>>>>
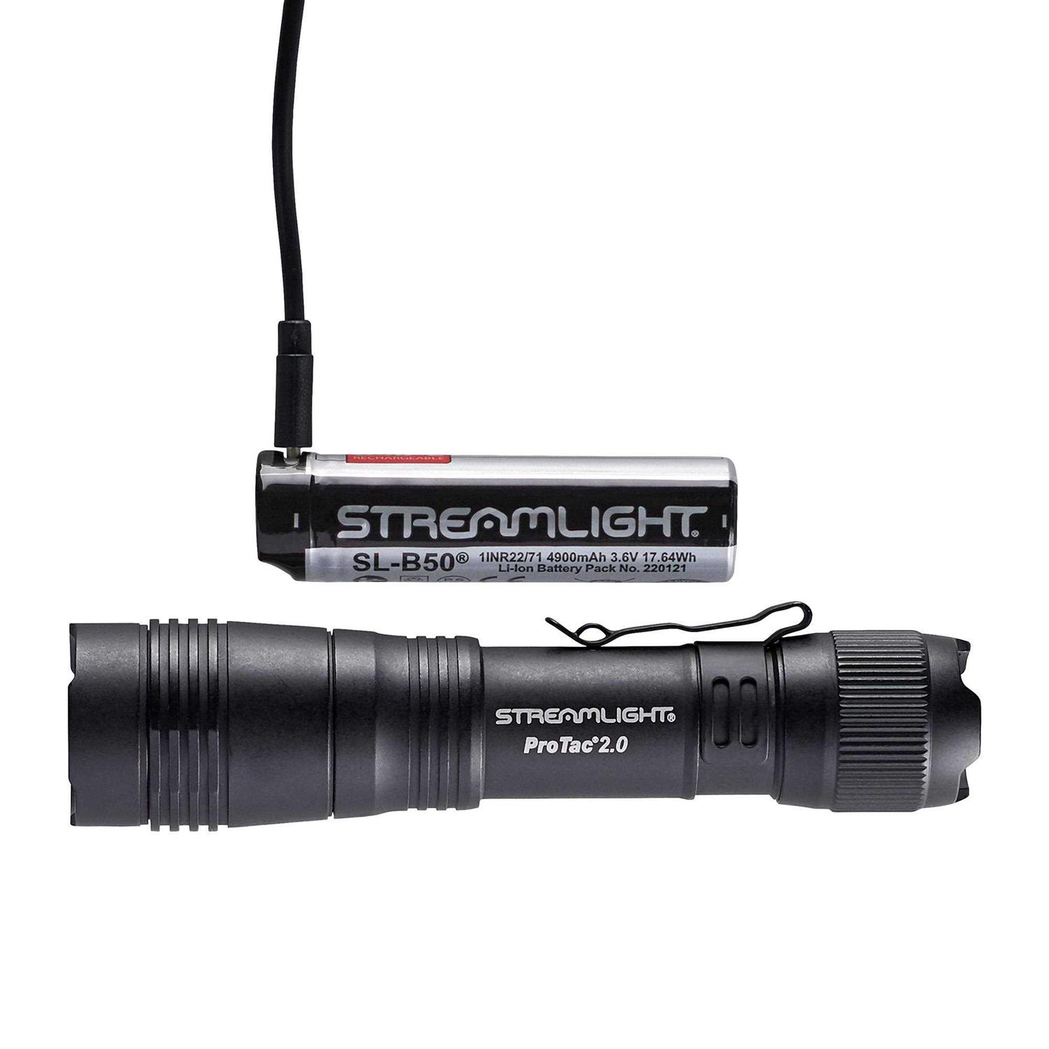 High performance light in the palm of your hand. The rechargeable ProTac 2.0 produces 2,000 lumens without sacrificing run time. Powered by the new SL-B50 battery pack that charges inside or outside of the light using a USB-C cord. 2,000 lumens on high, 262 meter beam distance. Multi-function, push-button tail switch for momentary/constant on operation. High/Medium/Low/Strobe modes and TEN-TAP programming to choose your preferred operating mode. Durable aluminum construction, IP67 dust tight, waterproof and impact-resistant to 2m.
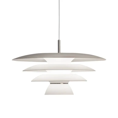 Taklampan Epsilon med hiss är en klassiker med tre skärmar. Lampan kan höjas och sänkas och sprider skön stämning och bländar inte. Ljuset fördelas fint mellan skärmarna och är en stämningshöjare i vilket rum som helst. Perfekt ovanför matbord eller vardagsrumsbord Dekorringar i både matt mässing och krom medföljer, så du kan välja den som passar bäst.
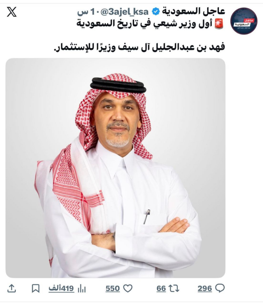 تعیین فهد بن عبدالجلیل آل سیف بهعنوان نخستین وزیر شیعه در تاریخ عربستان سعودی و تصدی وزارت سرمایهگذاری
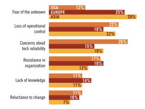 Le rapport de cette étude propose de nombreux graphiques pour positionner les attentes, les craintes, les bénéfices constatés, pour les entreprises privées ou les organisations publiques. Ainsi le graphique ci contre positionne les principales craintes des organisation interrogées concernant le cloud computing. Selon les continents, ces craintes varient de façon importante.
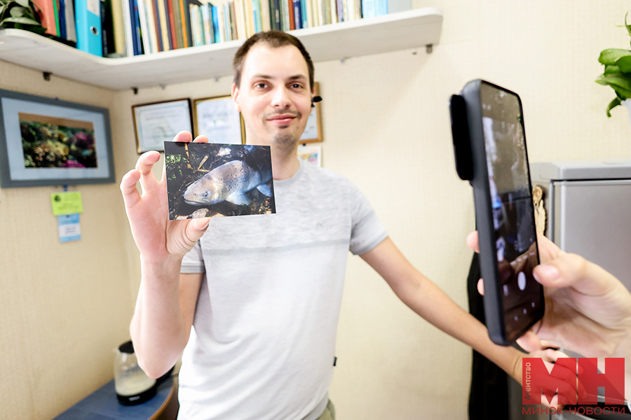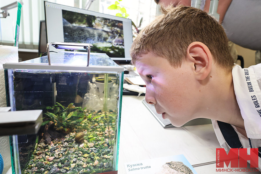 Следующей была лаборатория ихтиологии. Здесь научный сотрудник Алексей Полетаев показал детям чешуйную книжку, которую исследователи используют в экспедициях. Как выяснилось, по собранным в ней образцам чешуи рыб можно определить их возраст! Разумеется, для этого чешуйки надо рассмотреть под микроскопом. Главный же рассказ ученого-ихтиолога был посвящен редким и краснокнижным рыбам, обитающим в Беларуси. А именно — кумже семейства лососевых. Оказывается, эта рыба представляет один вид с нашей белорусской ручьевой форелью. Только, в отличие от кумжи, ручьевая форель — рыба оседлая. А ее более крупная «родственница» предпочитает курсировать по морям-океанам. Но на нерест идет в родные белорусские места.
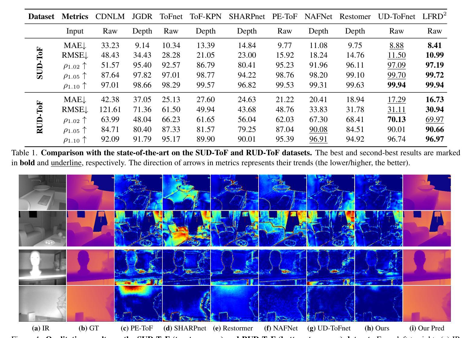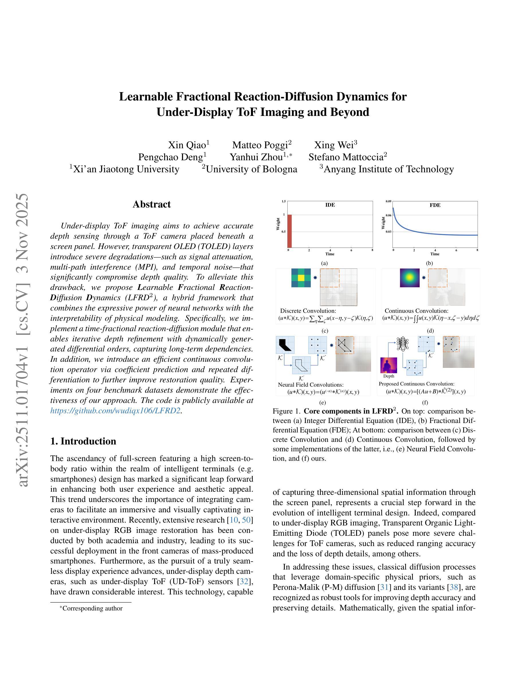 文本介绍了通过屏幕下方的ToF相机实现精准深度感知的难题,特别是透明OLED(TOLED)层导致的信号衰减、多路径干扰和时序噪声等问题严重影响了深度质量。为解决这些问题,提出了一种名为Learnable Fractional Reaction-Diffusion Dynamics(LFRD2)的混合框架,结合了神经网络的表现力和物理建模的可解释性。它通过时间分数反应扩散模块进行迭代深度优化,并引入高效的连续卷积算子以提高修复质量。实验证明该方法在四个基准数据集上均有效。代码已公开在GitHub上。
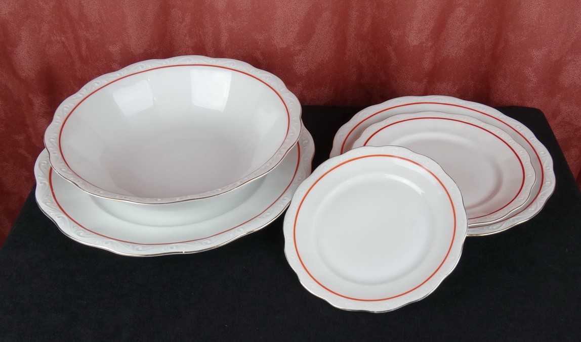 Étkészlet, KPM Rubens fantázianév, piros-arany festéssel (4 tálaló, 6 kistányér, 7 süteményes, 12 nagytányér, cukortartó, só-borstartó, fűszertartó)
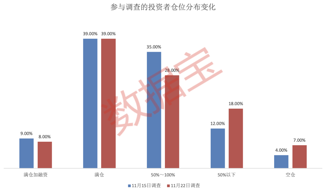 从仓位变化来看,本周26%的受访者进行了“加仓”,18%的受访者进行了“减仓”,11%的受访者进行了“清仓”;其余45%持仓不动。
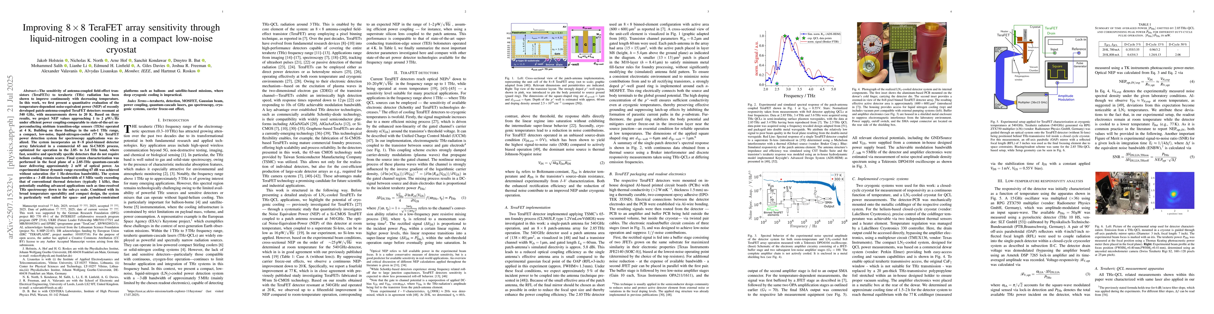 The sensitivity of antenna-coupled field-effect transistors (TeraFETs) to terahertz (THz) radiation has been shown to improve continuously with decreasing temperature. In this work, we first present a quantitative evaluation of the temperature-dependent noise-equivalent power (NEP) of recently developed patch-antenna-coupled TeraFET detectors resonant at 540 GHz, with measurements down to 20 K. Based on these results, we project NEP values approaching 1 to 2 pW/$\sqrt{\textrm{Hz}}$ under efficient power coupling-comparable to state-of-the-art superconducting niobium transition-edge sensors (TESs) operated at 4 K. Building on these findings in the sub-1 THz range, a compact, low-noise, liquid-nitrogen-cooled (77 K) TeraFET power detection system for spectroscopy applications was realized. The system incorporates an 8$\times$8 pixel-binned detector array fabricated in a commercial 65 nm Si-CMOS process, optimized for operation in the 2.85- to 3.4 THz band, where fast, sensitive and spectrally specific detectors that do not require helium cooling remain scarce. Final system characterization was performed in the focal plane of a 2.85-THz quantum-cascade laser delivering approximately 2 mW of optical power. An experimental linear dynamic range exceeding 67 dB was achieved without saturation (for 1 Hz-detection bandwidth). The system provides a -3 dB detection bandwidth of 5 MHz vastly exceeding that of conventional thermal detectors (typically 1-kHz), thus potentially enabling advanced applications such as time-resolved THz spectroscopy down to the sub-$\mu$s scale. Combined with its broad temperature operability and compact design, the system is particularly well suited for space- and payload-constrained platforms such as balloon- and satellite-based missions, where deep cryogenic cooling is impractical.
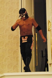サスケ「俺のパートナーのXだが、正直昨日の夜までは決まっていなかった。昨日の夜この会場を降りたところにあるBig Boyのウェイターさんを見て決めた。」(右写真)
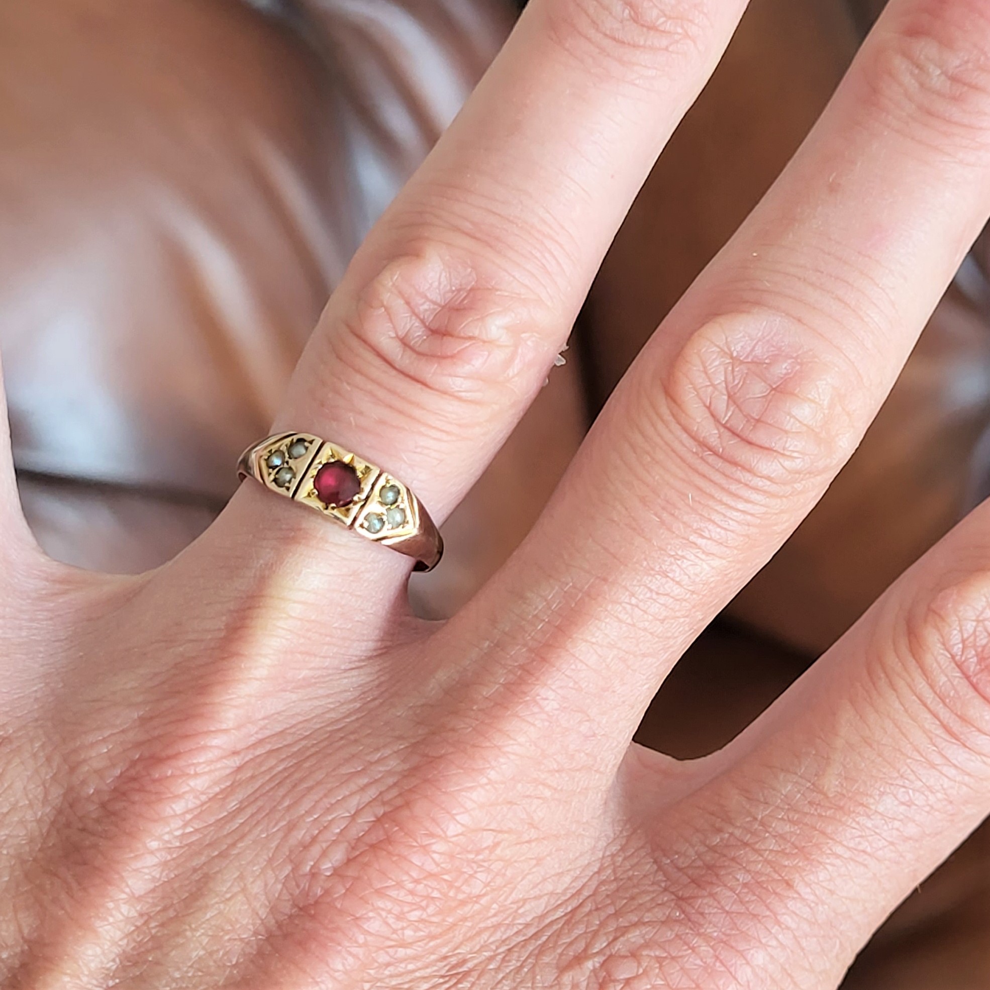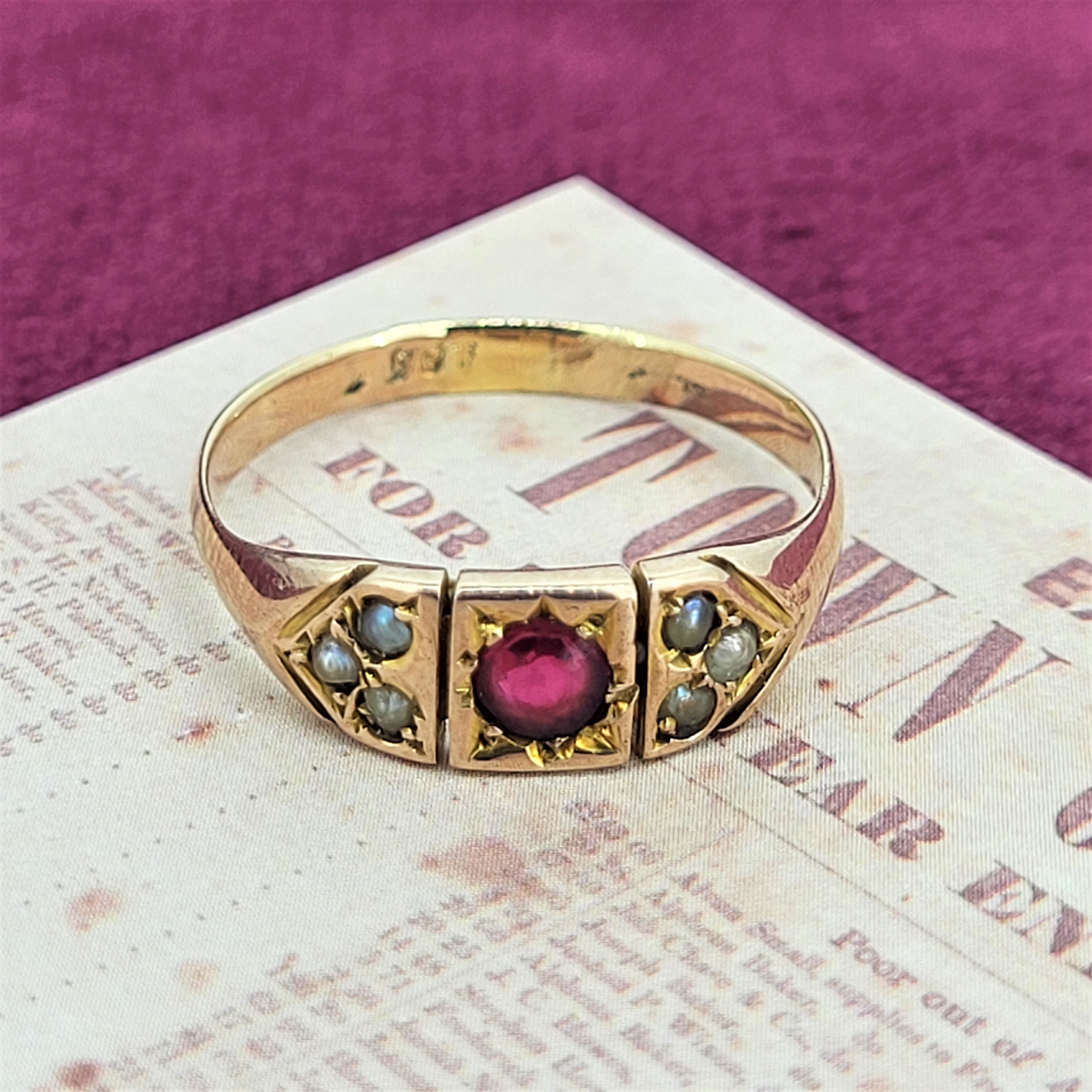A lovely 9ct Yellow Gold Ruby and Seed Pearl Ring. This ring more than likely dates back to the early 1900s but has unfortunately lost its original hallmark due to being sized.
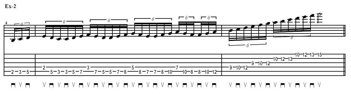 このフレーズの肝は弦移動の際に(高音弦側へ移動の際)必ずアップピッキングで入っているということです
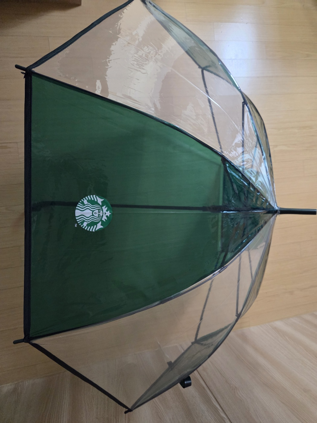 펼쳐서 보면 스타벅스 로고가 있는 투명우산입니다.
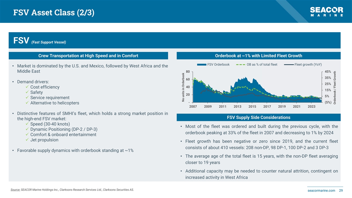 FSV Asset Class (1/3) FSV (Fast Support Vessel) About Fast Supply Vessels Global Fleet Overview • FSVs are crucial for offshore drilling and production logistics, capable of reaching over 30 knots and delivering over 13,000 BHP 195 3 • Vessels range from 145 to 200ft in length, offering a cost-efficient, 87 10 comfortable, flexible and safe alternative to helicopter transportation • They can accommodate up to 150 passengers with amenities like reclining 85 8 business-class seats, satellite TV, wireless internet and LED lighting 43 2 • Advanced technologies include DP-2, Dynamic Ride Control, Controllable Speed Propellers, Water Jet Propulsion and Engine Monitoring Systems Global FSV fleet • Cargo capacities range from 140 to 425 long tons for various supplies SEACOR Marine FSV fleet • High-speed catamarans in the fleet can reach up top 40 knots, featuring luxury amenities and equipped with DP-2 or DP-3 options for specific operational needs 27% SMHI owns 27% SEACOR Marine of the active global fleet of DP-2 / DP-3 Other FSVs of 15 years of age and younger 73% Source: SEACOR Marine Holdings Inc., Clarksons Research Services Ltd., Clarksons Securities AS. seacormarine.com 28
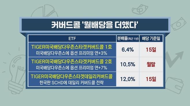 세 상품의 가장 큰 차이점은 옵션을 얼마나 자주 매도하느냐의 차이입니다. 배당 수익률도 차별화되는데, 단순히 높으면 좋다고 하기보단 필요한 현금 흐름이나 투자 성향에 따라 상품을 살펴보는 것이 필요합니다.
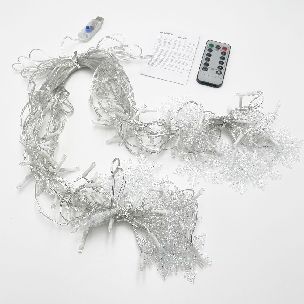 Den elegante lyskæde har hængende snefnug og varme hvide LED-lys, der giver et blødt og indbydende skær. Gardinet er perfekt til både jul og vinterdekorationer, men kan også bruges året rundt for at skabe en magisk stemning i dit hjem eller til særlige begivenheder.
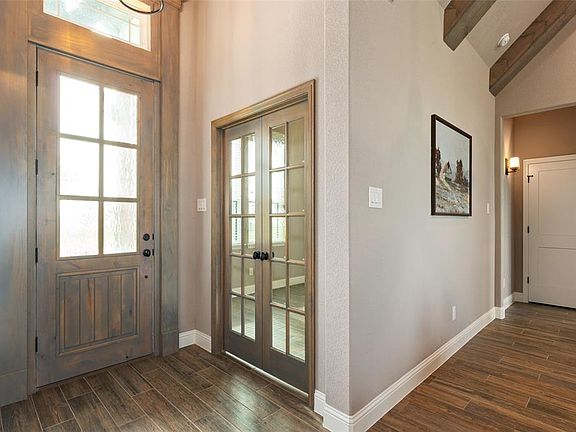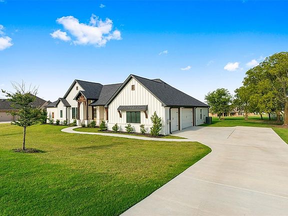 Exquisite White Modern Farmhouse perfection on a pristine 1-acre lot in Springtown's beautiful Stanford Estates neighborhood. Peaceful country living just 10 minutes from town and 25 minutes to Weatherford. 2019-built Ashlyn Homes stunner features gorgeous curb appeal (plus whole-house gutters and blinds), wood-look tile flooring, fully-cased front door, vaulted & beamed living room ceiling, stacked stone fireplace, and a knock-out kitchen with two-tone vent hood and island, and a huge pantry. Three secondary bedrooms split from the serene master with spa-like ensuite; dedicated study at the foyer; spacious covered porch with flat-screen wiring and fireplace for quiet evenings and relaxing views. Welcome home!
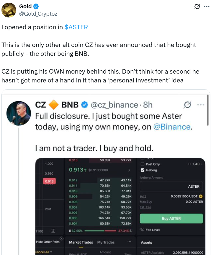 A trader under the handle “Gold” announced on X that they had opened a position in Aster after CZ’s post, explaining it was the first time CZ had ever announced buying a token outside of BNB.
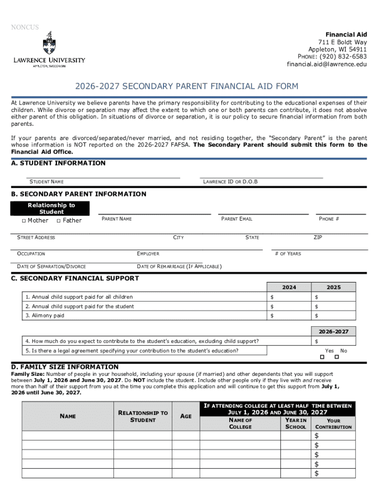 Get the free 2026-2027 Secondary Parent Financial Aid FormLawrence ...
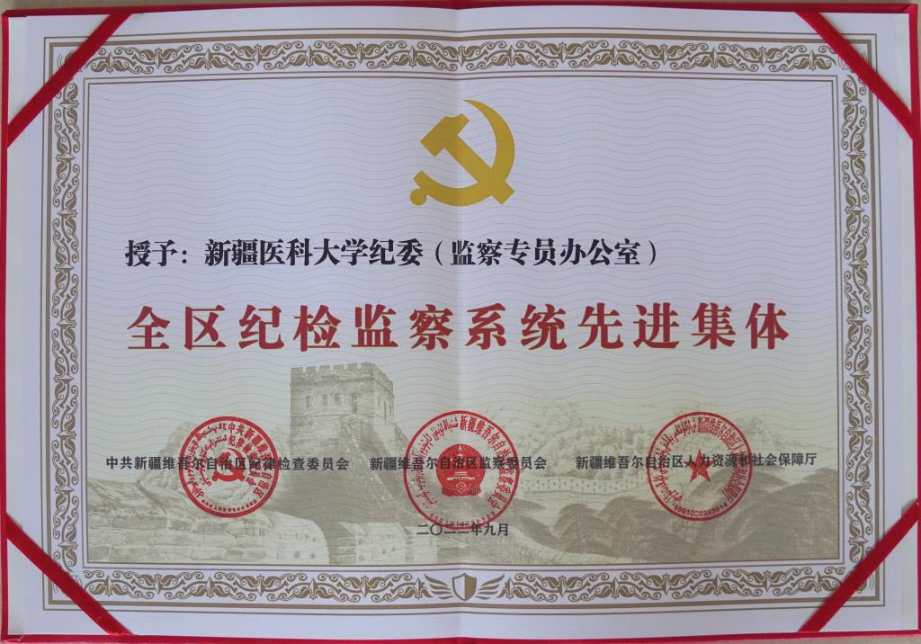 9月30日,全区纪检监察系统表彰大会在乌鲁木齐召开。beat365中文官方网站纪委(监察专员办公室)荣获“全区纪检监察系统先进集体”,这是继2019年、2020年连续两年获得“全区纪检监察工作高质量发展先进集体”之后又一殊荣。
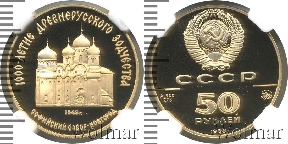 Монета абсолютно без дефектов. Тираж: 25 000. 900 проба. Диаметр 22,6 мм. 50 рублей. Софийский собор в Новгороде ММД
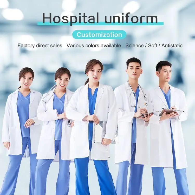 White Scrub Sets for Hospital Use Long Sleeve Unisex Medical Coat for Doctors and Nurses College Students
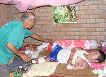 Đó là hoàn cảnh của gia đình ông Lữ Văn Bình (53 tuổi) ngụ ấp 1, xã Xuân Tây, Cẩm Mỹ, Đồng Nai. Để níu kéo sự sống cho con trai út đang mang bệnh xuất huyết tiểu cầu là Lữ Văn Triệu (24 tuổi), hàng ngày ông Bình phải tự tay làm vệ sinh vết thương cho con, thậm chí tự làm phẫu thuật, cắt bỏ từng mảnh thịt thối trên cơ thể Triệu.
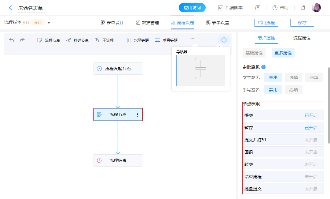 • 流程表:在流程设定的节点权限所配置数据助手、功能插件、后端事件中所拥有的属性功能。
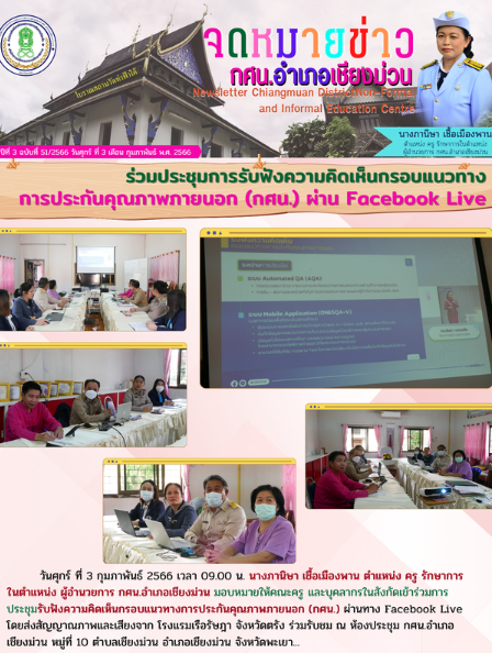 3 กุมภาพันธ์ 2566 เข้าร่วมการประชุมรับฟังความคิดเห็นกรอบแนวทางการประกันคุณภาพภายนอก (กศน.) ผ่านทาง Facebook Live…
<<<<
> _WHAT IS EXPECTED_: Starting at the line that holds "Đó là hoàn cảnh" and stopping at the last line of the listing above, write out each line exactly as it appears, and omit the pictures.

> _EXERCISE OUTPUT_:
 Đó là hoàn cảnh của gia đình ông Lữ Văn Bình (53 tuổi) ngụ ấp 1, xã Xuân Tây, Cẩm Mỹ, Đồng Nai. Để níu kéo sự sống cho con trai út đang mang bệnh xuất huyết tiểu cầu là Lữ Văn Triệu (24 tuổi), hàng ngày ông Bình phải tự tay làm vệ sinh vết thương cho con, thậm chí tự làm phẫu thuật, cắt bỏ từng mảnh thịt thối trên cơ thể Triệu.
 • 流程表:在流程设定的节点权限所配置数据助手、功能插件、后端事件中所拥有的属性功能。
 3 กุมภาพันธ์ 2566 เข้าร่วมการประชุมรับฟังความคิดเห็นกรอบแนวทางการประกันคุณภาพภายนอก (กศน.) ผ่านทาง Facebook Live…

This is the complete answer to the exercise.